Monday, Apr. 12, 1943
Plain Talk from a Pole
Tough-talking, tougher-thinking General Wladyslaw Sikorski, head of Poland's Government in Exile, spoke up to Russia, the U.S. and Britain last week. Said he in London:
"I wish solemnly to state here, and with the greatest emphasis, that if, at the conclusion of war, our rights are not respected and our long and passionate devotion to freedom is not taken into consideration, all Poles, irrespective of religious or political creed, will be united to the last man to resist any claims which aim at the sovereignty of our country, from whatever quarter they might be raised."
Sikorski had his reasons for such inflammatory talk, but both the time and the tone were ill chosen. He and his Poles had been aroused by: 1) Russia's refusal to promise the restoration of Poland's eastern frontiers; 2) recent signs that Moscow is growing more & more distrustful of the Sikorski Government, which until lately seemed to be on good terms with Stalin; 3) the lack of any recent evidence that Great Britain and the U.S. will back Poland's claims against the Russians. In the making was a row which might easily wreck any hopes of postwar harmony in Eastern Europe.
Benes or Bedlam. Last week, in Collier's, the Polish Premier turned on Russia with a proposal to enact a federation of small states from the Baltic to the Black Sea, a bloc which would wall off the Soviet Union within its prewar boundaries.
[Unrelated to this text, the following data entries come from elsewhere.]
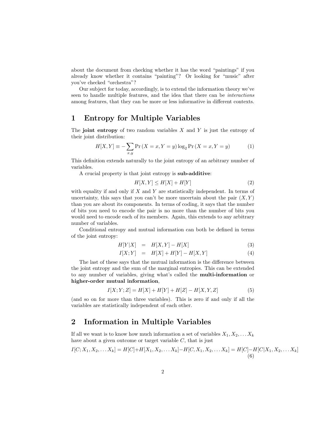 2 .about the document from checking whether it has the word “paintings” if you already know whether it contains “painting”? Or looking for “music” after you’ve checked “orchestra”? Our subject for today, accordingly, is to extend the information theory we’ve seen to handle multiple features, and the idea that there can be interactions among features, that they can be more or less informative in different contexts. 1 Entropy for Multiple Variables The joint entropy of two random variables X and Y is just the entropy of their joint distribution: H[X, Y ] ≡ − Pr (X = x, Y = y) log2 Pr (X = x, Y = y) (1) x,y This definition extends naturally to the joint entropy of an arbitrary number of variables. A crucial property is that joint entropy is sub-additive: H[X, Y ] ≤ H[X] + H[Y ] (2) with equality if and only if X and Y are statistically independent. In terms of uncertainty, this says that you can’t be more uncertain about the pair (X, Y ) than you are about its components. In terms of coding, it says that the number of bits you need to encode the pair is no more than the number of bits you would need to encode each of its members. Again, this extends to any arbitrary number of variables. Conditional entropy and mutual information can both be defined in terms of the joint entropy: H[Y |X] = H[X, Y ] − H[X] (3) I[X; Y ] = H[X] + H[Y ] − H[X, Y ] (4) The last of these says that the mutual information is the difference between the joint entropy and the sum of the marginal entropies. This can be extended to any number of variables, giving what’s called the multi-information or higher-order mutual information, I[X; Y ; Z] = H[X] + H[Y ] + H[Z] − H[X, Y, Z] (5) (and so on for more than three variables). This is zero if and only if all the variables are statistically independent of each other. 2 Information in Multiple Variables If all we want is to know how much information a set of variables X1 , X2 , . . . Xk have about a given outcome or target variable C, that is just I[C; X1 , X2 , . . . Xk ] = H[C]+H[X1 , X2 , . . . Xk ]−H[C, X1 , X2 , . . . Xk ] = H[C]−H[C|X1 , X2 , . . . Xk ] (6) 2
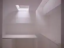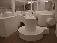 In the course of six years Absalon created a series of one person living units based on everyday routine actions and designed entirely in relation to his measures. The inside of the cell is all covered in white in order to reduce distractions or elements that can disturb the eye. In his video Solutions (1992) Absalon demonstrate the study of measurements and calculation of movements like eating, sleeping, taking shower which later will define the form of his cells. In 1993 Absalon started to construct six cells which were supposed to be installed in six metropolitan centers[6] as Absalon described in interview: "I would like to create my own setting and belong to nothing else. My living unit will be comprised of the six habitation units which I construct, and my homeland will be in-between them." [7]
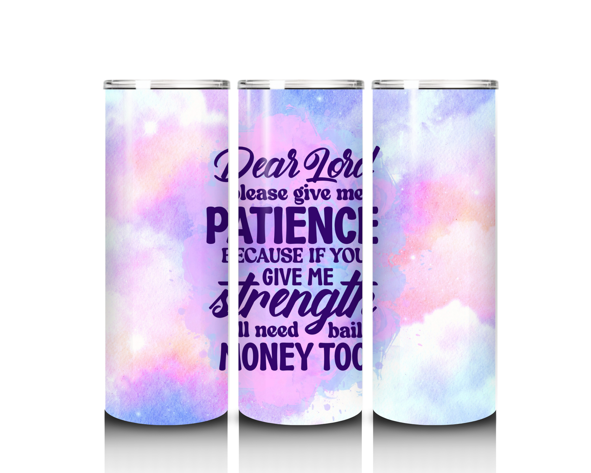 20 oz Dear Lord, Please Give Me Patience, Because if you give me strength, I will also need bail money Tumbler.
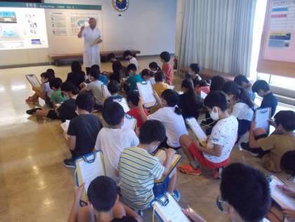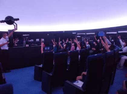 前半は展示学習で,それぞれ興味のある実験講座に参加したり,展示物を見たり触ったりして学習しました。後半はプラネタリウムで,星座や星の動き方について学習しました。
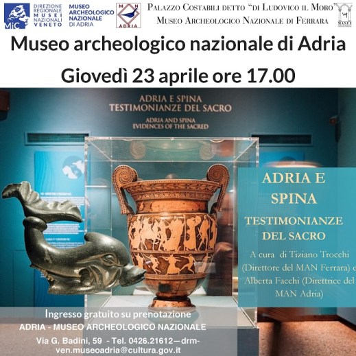 Giovedì 23 aprile 2026, alle 17, al museo Archeologico nazionale di Adria (Ro), la conferenza “Adria e Spina. Testimonianze del sacro” con Tiziano Trocchi (direttore del MAN Ferrara) e Alberta Facchi (direttrice Man Adria), quinto appuntamento del ciclo di conferenze diffuso che da marzo a settembre 2026, in dialogo con la mostra “Etruschi e Veneti. Acque, culti e santuari” a Palazzo Ducale di Venezia fino al 29 settembre 2026, si terrà nei luoghi coinvolti dal progetto espositivo. Gli incontri accompagnano il pubblico lungo una geografia ampia e connessa, toccando Venezia e Adria, fino a Marzabotto, Milano, Ferrara e San Casciano dei Bagni: un’occasione per approfondire temi e contesti della mostra direttamente nei territori, tra musei e siti che ne condividono la trama di ricerche, prestiti e relazioni. La conferenza verterà sulla sezione dedicata ad Adria e Spina nella mostra “Etruschi e Veneti. Acque, culti e santuari” in corso a Venezia. L’ingresso è gratuito, su prenotazione. Info e prenotazioni: 0426 21612 o drm-ven.museoadria@cultura.gov.it

Sikorski and Eduard Benes, President of Czecho-Slovakia, once stood together in support of a Central European federation aimed not at Russia but at Germany. Lately the Poles, heady with resurgent nationalism now that the Allies are beginning to win, have demanded some Czech territory, and Benes stands alone. But Benes still has the good will of Britain and Russia. Said the Czech Government last week, scorning rumors (current in anti-Benes circles in diplomatic Washington) that it was moving to Moscow: "We stand for an agreement between the Western democracies and Soviet Russia in Central Europe. We will not enter into any combination against Soviet Russia or any combination against the Western democracies."